The first seven words spoken in The Force Awakens are equally fitting for this weekend. After suffering through three horrific months, the season has been redeemed. This weekend may not have included the perfect dump that we all want. But it was far better than we could have hoped for and it was awesome when evaluated on its own merits. It was not perfect but still just what we needed: it got us excited and happy to be skiing again. The metaphor is strong with this report.
Jay received small bursts of snow for seven days in a row and it is adding up. Several natural snow trails opened yesterday including Green Mountain Boys and Upper Northwest Passage. Also, the Tram made its first trip to the summit for the season yesterday. Today, the natural snow trails were skiing well though starting to show wear. It snowed all day (heavy at times) and more is forecast overnight into tomorrow.
Snow guns were setup on Montrealer, Vermonter, and Northway which eliminated access to the basin between The Goat and The Jet.
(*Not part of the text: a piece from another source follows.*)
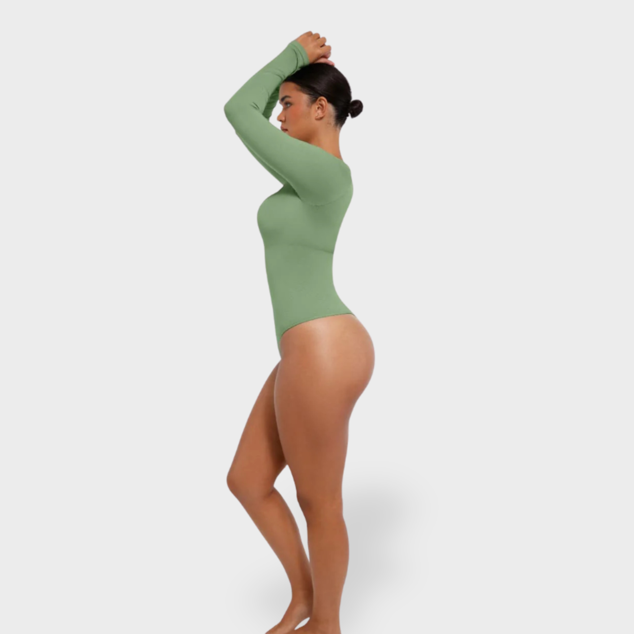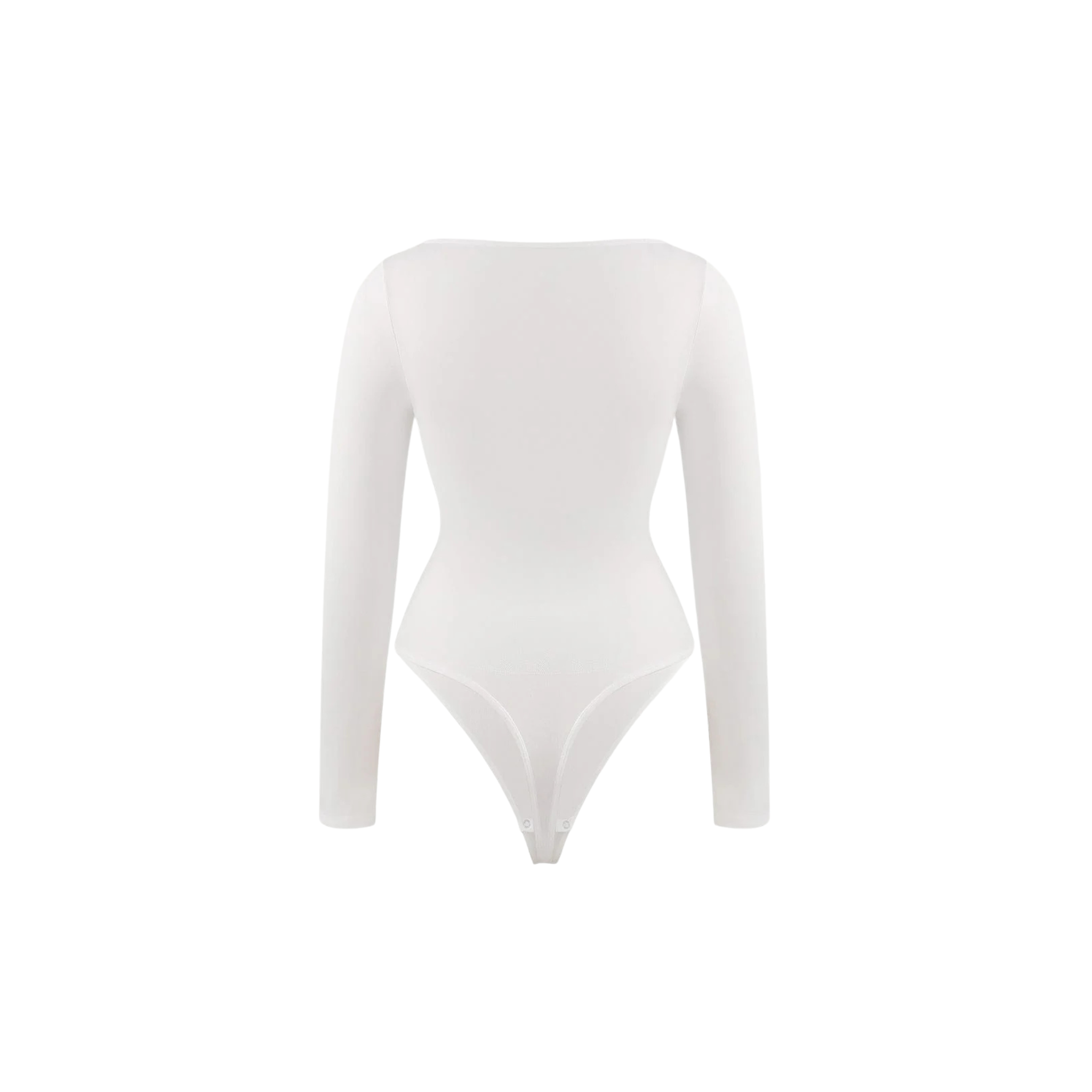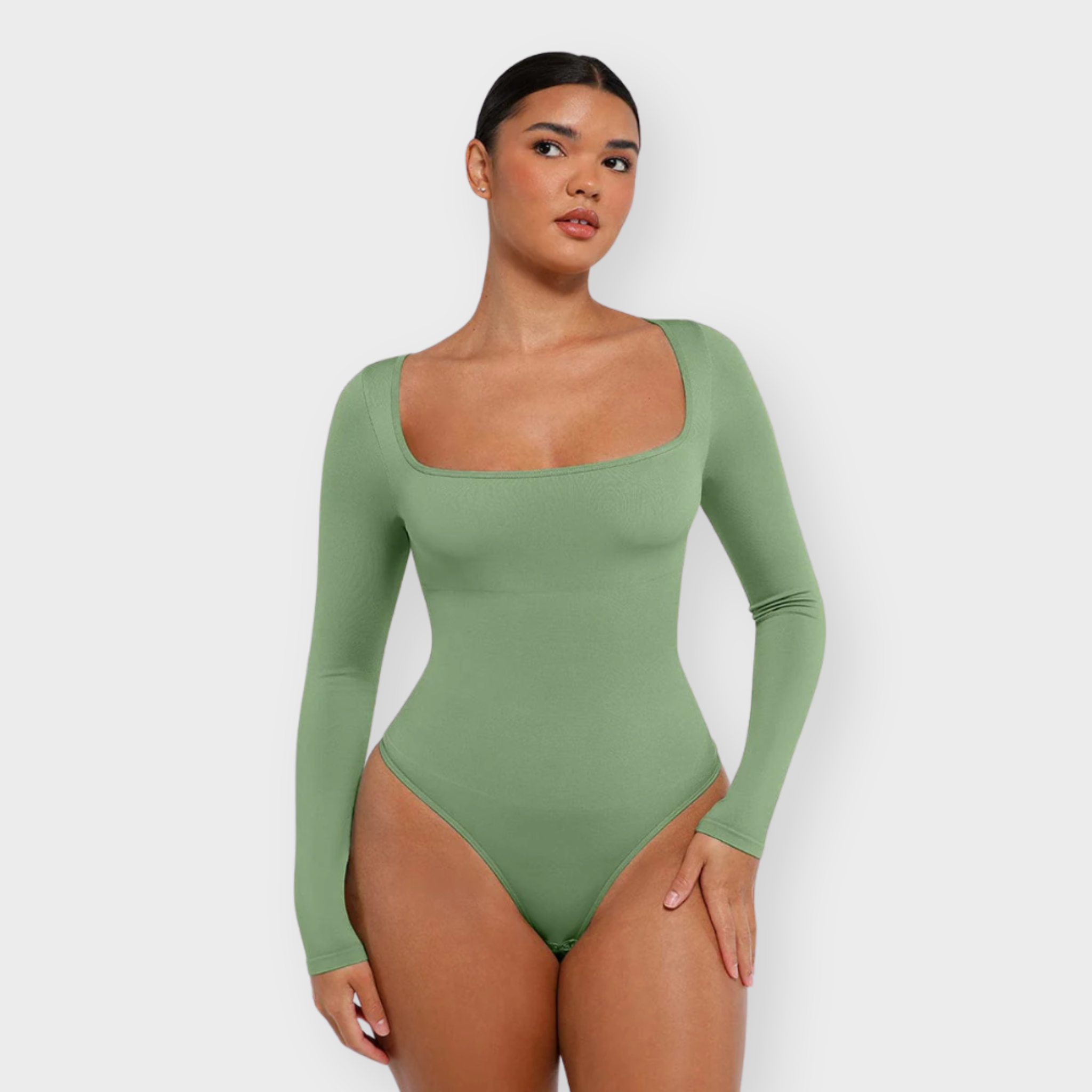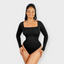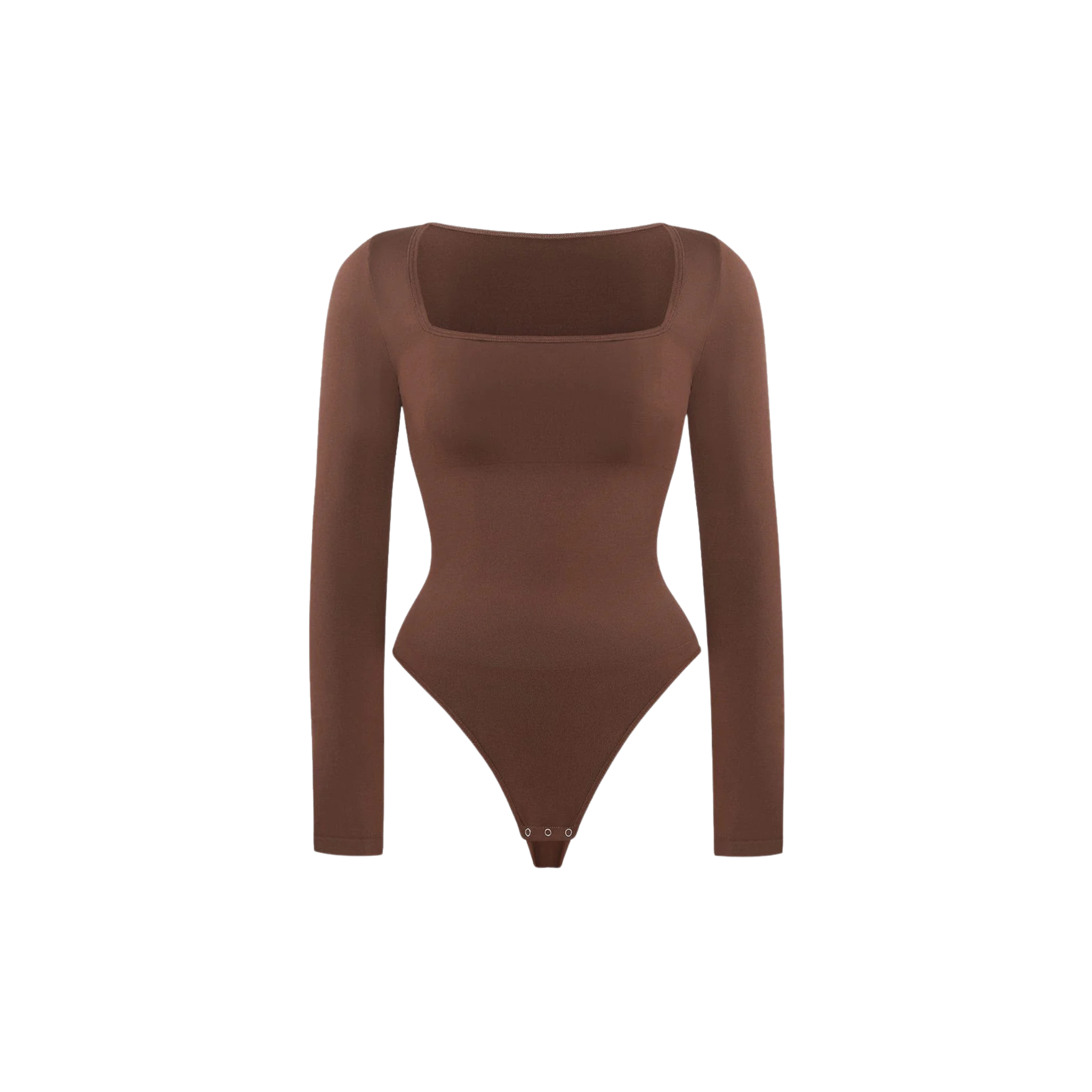 This Long Sleeve Bodysuit is crafted with recycled nylon for a lighter footprint and all-day comfort. Designed with a flattering square neckline that highlights the collarbone and elongates the neck, this sleek one-piece features 360° waist control with compressive knit panels that smooth and shape your core. The thong cut ensures a no-show finish under clothing, while an adjustable double-snap closure allows for a custom fit. A versatile base layer you’ll want in every season.

This was rather unfortunate as the natural snow would have skied well (Montrealer and Vermonter were scheduled to open but Jay opted to setup for snowmaking instead). This was a little disappointing. But if Jay can bury those three trails by next weekend, operations need only get Ullr’s and Taxi online to connect all the main routes.
I started at Stateside as is my wont. I haven’t made a lineup at the Jet in years and doing so today felt great. No matter how polished Jay Peak Resort has become, the Jet still feels right. There wasn’t enough fresh to justify lining up for first chair. But the way this season is going, an inch or two almost put me into a powder frenzy.
Natural snow trails were already beat up from the day before including Derick and Lower UN. But they both skied well if you topped the moguls instead of skiing the troughs. The Willard opened late which skied respectably. Stateside Glade may be the only open glade in the northeast and it was good! Though slow and alert skiing are advised. I tried Timbuk which was not worth the effort.
The main attraction was Tramside. Skiers that survived the Goat Gauntlet were rewarded with loose and packed powder bumps on Upper Northwest Passage, Green Mountain Boys, and Lower Exhibition. Sweet beyond words. Coverage worsened throughout the day but never matched the suspect condition of the troughs on Derick.
The worst conditions on the mountain were on the Goat which was receiving 100% of the traffic coming off the Tram and the Freezer. Frozen groomer tracks and timid intermediate skiers eventually made the effort not worth the reward, so I went back to Stateside where I ended my day. And what a great day it was. My back and legs wore out long before my desire for turns did.